STORED DATA Start Marker
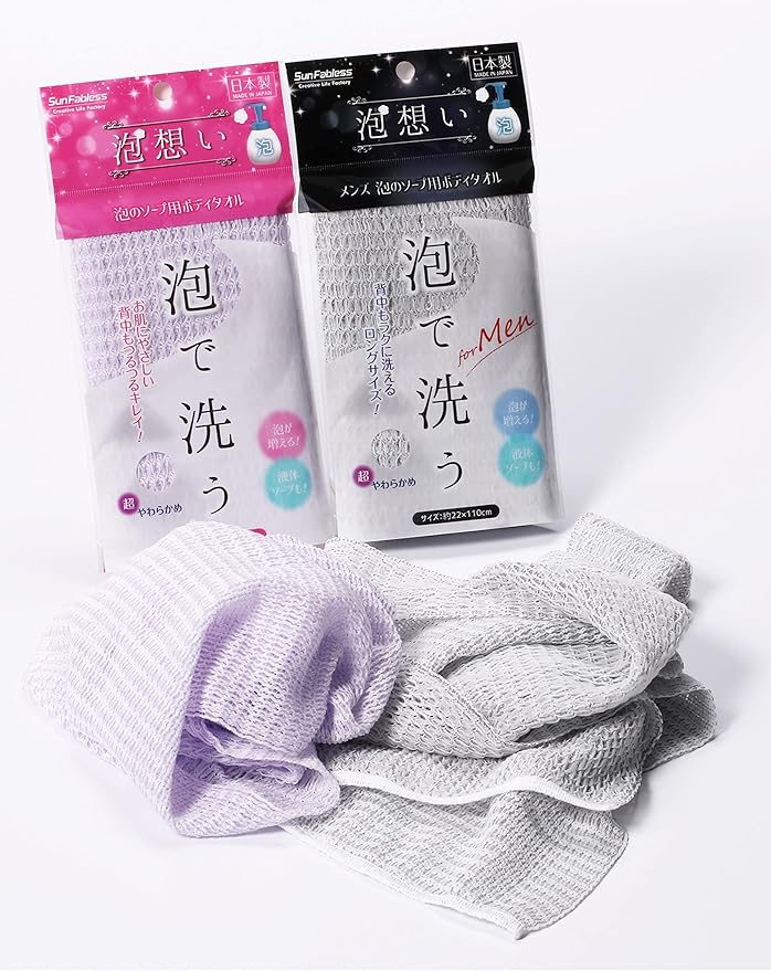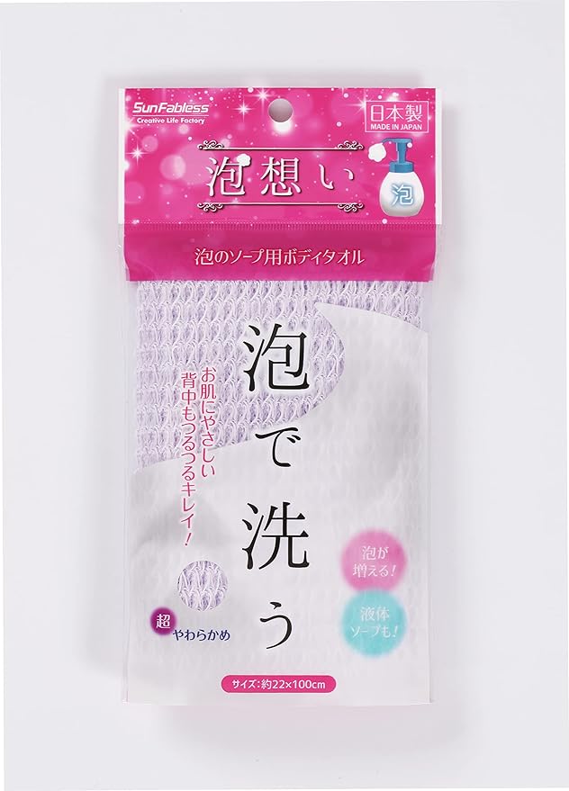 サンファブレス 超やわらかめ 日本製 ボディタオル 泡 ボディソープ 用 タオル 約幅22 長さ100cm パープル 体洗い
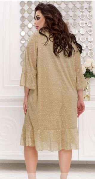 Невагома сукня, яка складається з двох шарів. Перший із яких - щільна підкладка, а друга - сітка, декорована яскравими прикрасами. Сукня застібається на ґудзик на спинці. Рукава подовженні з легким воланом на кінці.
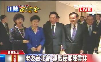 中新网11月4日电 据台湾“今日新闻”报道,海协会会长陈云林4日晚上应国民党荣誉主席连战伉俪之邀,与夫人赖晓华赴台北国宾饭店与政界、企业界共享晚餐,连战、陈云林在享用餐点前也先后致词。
STORED DATA End Marker
TASK ITEM: Where a picture appears, omit it, and otherwise retype the material exactly.

RESPONSE AREA:
 サンファブレス 超やわらかめ 日本製 ボディタオル 泡 ボディソープ 用 タオル 約幅22 長さ100cm パープル 体洗い
 Невагома сукня, яка складається з двох шарів. Перший із яких - щільна підкладка, а друга - сітка, декорована яскравими прикрасами. Сукня застібається на ґудзик на спинці. Рукава подовженні з легким воланом на кінці.
 中新网11月4日电 据台湾“今日新闻”报道,海协会会长陈云林4日晚上应国民党荣誉主席连战伉俪之邀,与夫人赖晓华赴台北国宾饭店与政界、企业界共享晚餐,连战、陈云林在享用餐点前也先后致词。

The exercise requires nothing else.